[WORK REQUIRED]:
Leave out the pictures and repeat everything else in the records exactly.

╔══

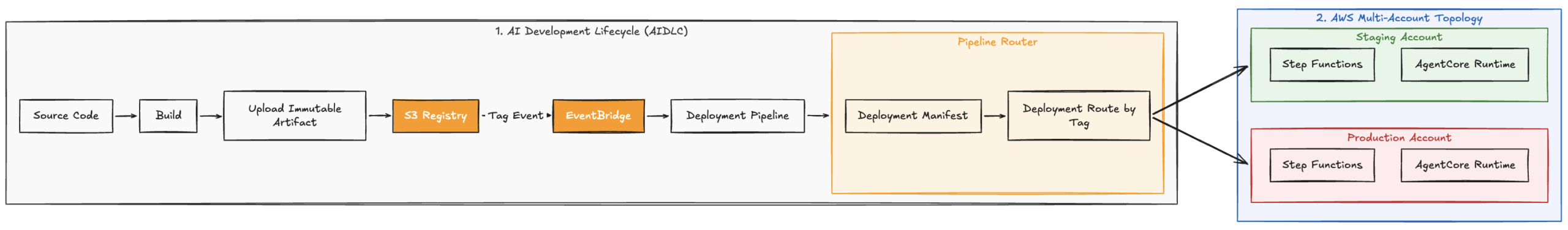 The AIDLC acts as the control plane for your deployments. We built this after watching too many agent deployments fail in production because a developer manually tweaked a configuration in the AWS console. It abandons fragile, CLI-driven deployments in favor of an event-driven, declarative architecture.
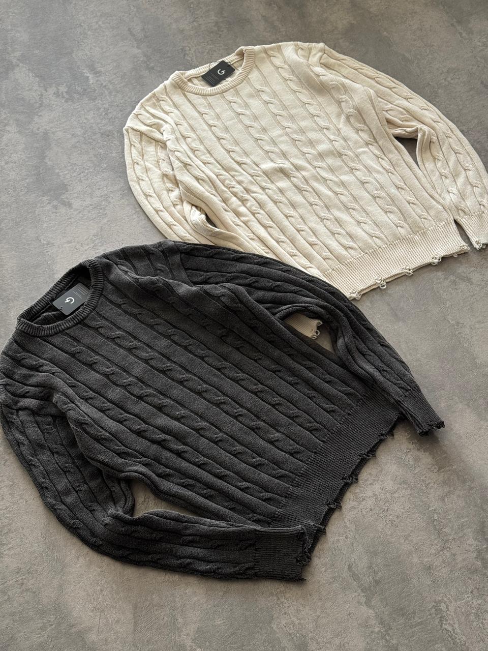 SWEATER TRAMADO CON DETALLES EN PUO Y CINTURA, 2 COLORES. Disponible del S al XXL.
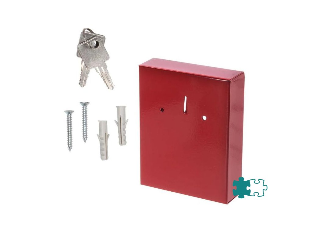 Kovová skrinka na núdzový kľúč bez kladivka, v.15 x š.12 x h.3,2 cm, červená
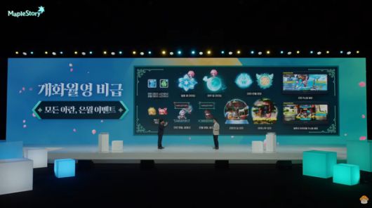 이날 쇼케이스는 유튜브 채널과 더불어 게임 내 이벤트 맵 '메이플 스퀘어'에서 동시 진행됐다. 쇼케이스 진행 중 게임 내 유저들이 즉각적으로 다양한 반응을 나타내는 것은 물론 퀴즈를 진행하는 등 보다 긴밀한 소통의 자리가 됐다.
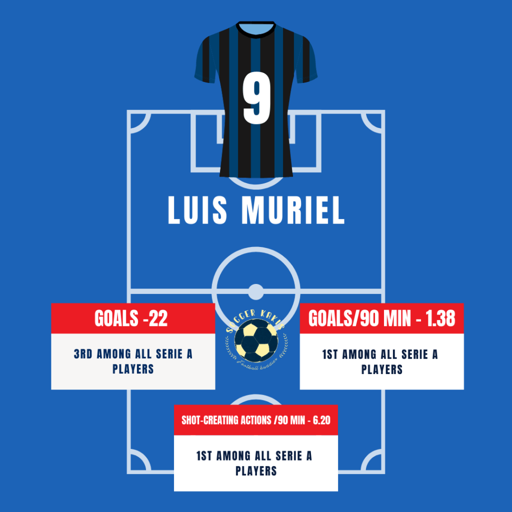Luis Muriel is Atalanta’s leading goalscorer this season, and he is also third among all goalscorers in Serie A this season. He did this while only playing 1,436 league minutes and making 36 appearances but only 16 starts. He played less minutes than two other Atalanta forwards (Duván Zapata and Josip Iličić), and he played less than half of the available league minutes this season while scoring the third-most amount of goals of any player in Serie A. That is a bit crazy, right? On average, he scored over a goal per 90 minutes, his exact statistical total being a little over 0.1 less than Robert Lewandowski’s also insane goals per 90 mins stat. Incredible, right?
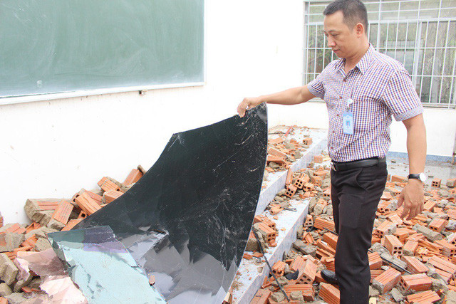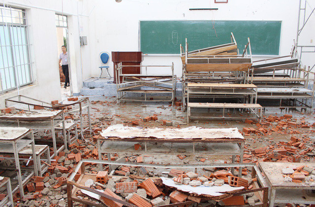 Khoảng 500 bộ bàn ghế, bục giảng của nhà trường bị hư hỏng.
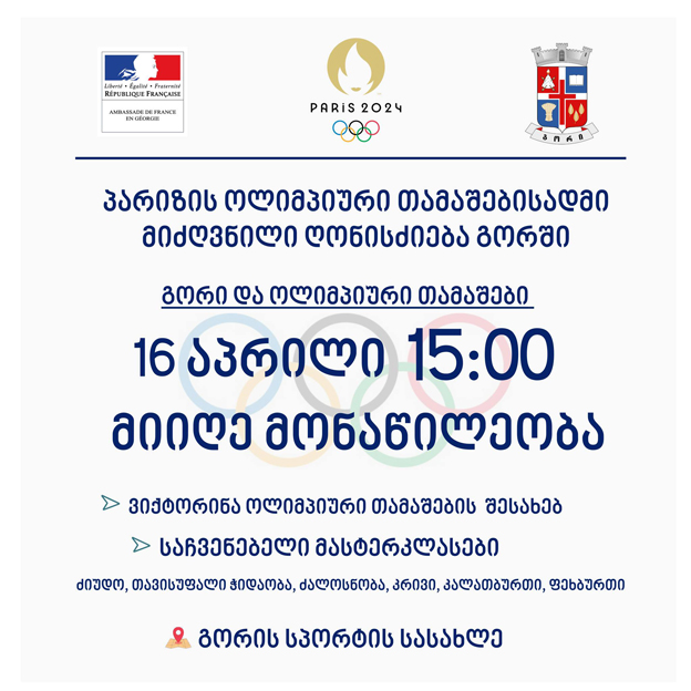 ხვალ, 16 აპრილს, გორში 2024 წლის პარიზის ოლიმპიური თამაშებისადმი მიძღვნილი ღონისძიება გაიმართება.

╚══

[ANSWER TO THIS PROBLEM]:
 The AIDLC acts as the control plane for your deployments. We built this after watching too many agent deployments fail in production because a developer manually tweaked a configuration in the AWS console. It abandons fragile, CLI-driven deployments in favor of an event-driven, declarative architecture.
 SWEATER TRAMADO CON DETALLES EN PUO Y CINTURA, 2 COLORES. Disponible del S al XXL.
 Kovová skrinka na núdzový kľúč bez kladivka, v.15 x š.12 x h.3,2 cm, červená
 이날 쇼케이스는 유튜브 채널과 더불어 게임 내 이벤트 맵 '메이플 스퀘어'에서 동시 진행됐다. 쇼케이스 진행 중 게임 내 유저들이 즉각적으로 다양한 반응을 나타내는 것은 물론 퀴즈를 진행하는 등 보다 긴밀한 소통의 자리가 됐다.
Luis Muriel is Atalanta’s leading goalscorer this season, and he is also third among all goalscorers in Serie A this season. He did this while only playing 1,436 league minutes and making 36 appearances but only 16 starts. He played less minutes than two other Atalanta forwards (Duván Zapata and Josip Iličić), and he played less than half of the available league minutes this season while scoring the third-most amount of goals of any player in Serie A. That is a bit crazy, right? On average, he scored over a goal per 90 minutes, his exact statistical total being a little over 0.1 less than Robert Lewandowski’s also insane goals per 90 mins stat. Incredible, right?
 Khoảng 500 bộ bàn ghế, bục giảng của nhà trường bị hư hỏng.
 ხვალ, 16 აპრილს, გორში 2024 წლის პარიზის ოლიმპიური თამაშებისადმი მიძღვნილი ღონისძიება გაიმართება.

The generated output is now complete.